I've verified that the change suggested by kib@ does, indeed, avoid the panic. I've submitted a pull request upstream to make that change. I don't know if we want a local fix in the meantime or not. Adding mmacy@ for an opinion as the commit log indicates he has been syncing with upstream recently.
Comment 5 David Bright freebsd_committer 2018-08-21 18:27:37 UTC
This bug has been fixed in upstream (netmap PR #520).
Comment 6 David Bright freebsd_committer 2018-11-30 02:05:33 UTC
(In reply to David Bright from comment #5)

This fix was (accidentally) committed in base r337812 and incorporated into the upcoming 12.0-RELEASE; I just noticed that now when I went to MFC that commit to stable/11. Noting the commit now, considerably after the fact. Also, flagging this as MFC-ed to stable/12 as it actually was committed before 12.0-RELEASE.
Comment 7 commit-hook freebsd_committer 2018-11-30 02:07:28 UTC
A commit references this bug:

Author: dab
Date: Fri Nov 30 02:06:32 UTC 2018
New revision: 341275
URL: https://svnweb.freebsd.org/changeset/base/341275

  MFC r337812,r337814,r337820,r341068:

  Fix several memory leaks (r337812 & r337814).
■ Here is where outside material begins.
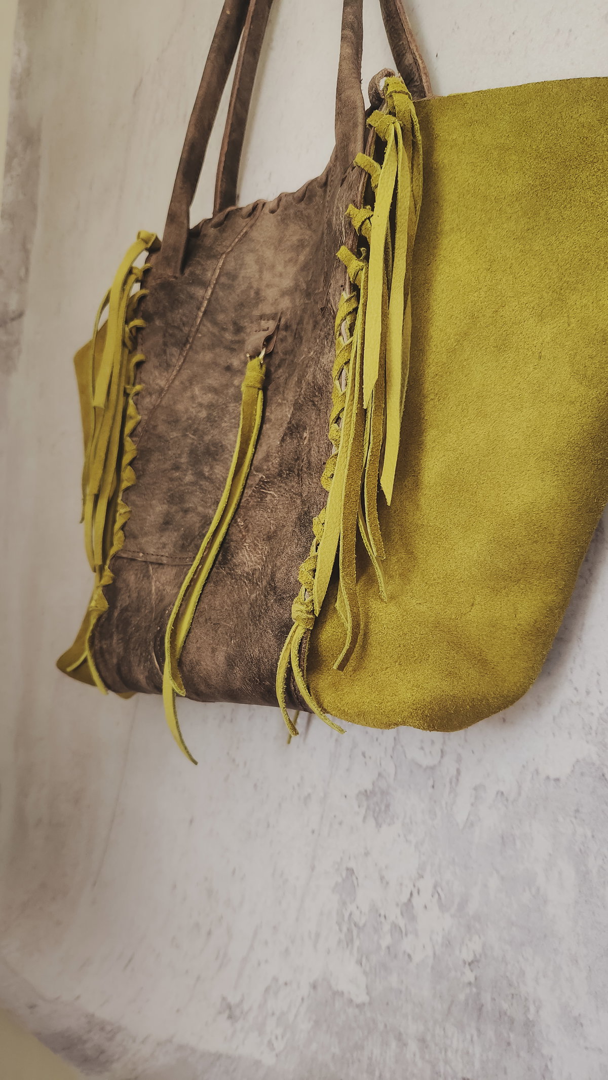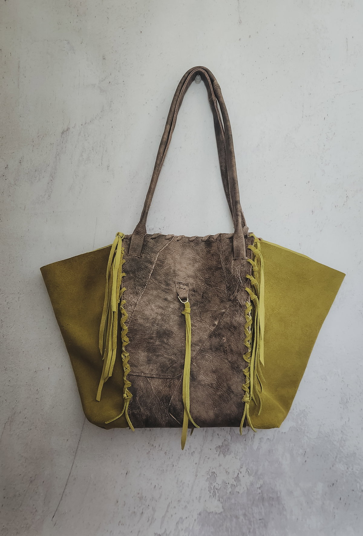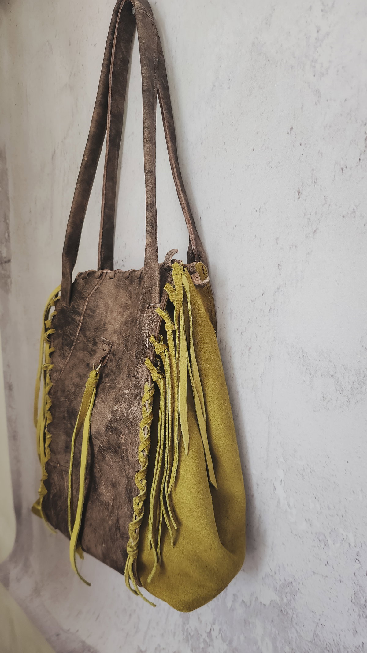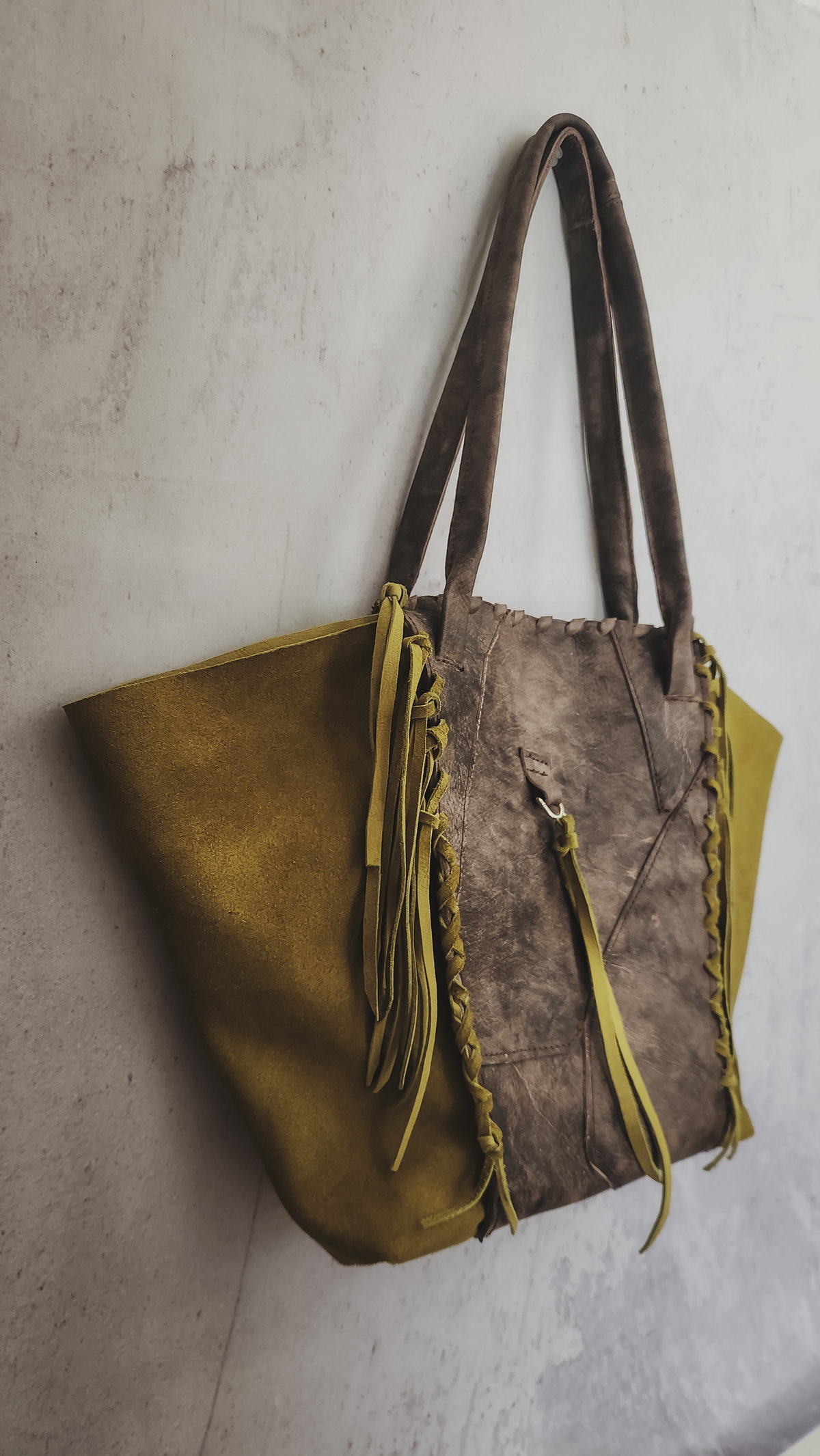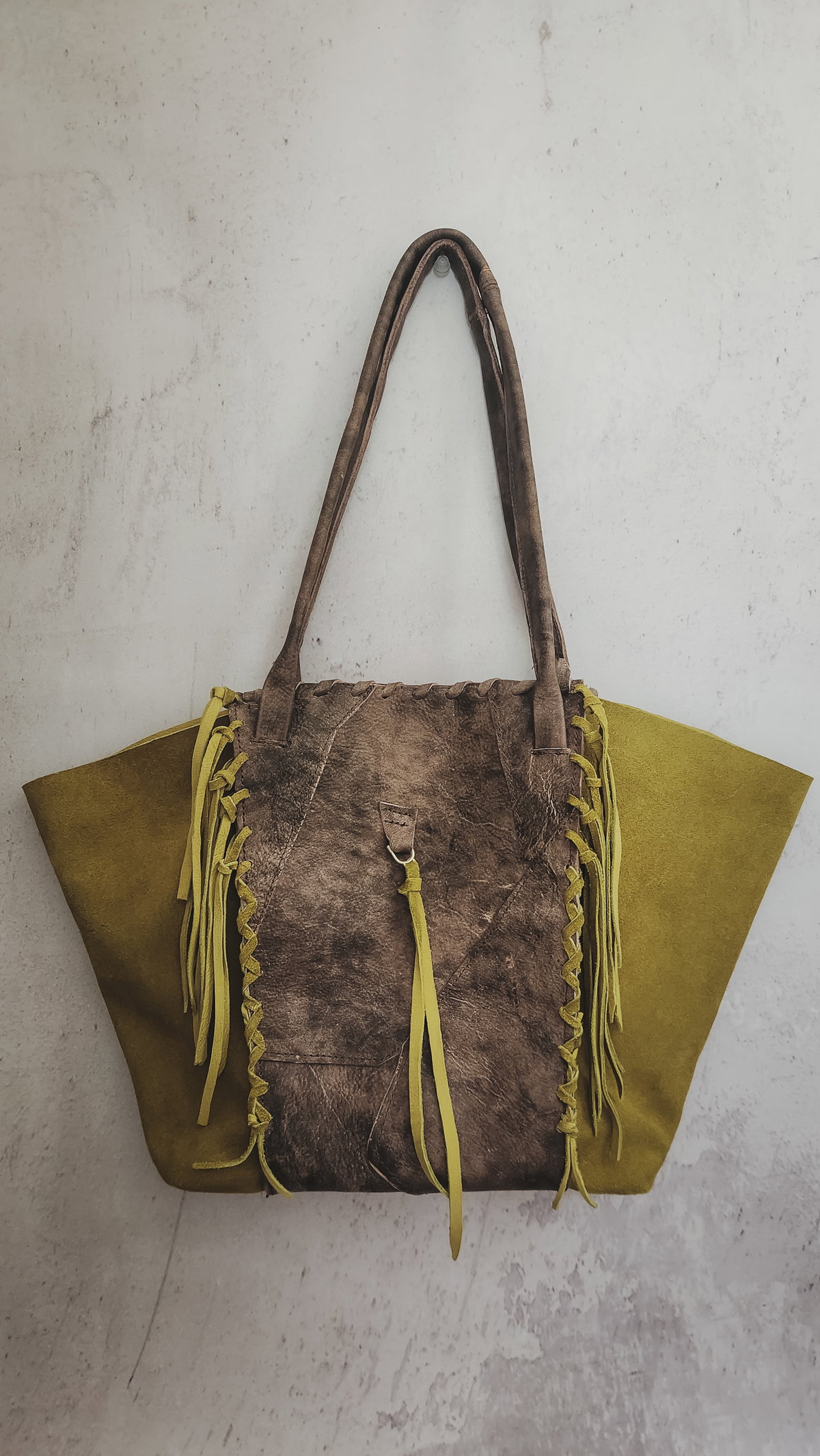 Bautizada como San Patricio, esta cartera destaca por su juego creativo de texturas y tonos. El frente y las asas están creados a partir de pequeños trozos de cuero unidos uno por uno, logrando un trabajo de ensamble único. Sus laterales en cuero de descarne verde aportan ese toque distintivo y fresco. Es una pieza canchera y funcional, con el tamaño ideal para acompañar tu ritmo diario, desde la facultad hasta una tarde de paseo.

  The libkqueue tests have several places that leak memory by using an
  idiom like:


  Rework to save the pointer returned from kevent_to_str() and then
  free() it after it has been used.

  r337812 also fixed a bug in the netmap kevent code. The inclusion of
  that fix was an oversight that I didn't notice until this
  MFC. Reference the code review and PR here in the MFC for

  r337820 & r341068 were white-space only changes as a follow-up to
  r337812 & r337814:

  After r337820, which "corrected" some spaces-instead-of-tab whitespace
  issues in the libkqueue tests, jmg@ pointed out that these files were
  originally space-based, not tab-spaced, and so the correction should
  have been to get rid of the tabs that had been introduced in previous
  changes, not the spaces. This change does that. This is a whitespace
  only change; no functional change is intended.

  PR:  206053
  Differential Revision:    https://reviews.freebsd.org/D16531
  Sponsored by:	Dell EMC Isilon

_U  stable/11/
Comment 8 David Bright freebsd_committer 2018-11-30 02:12:15 UTC
I'm going to close this as fixed in 11 & 12. I don't intend to try to MFC to 10.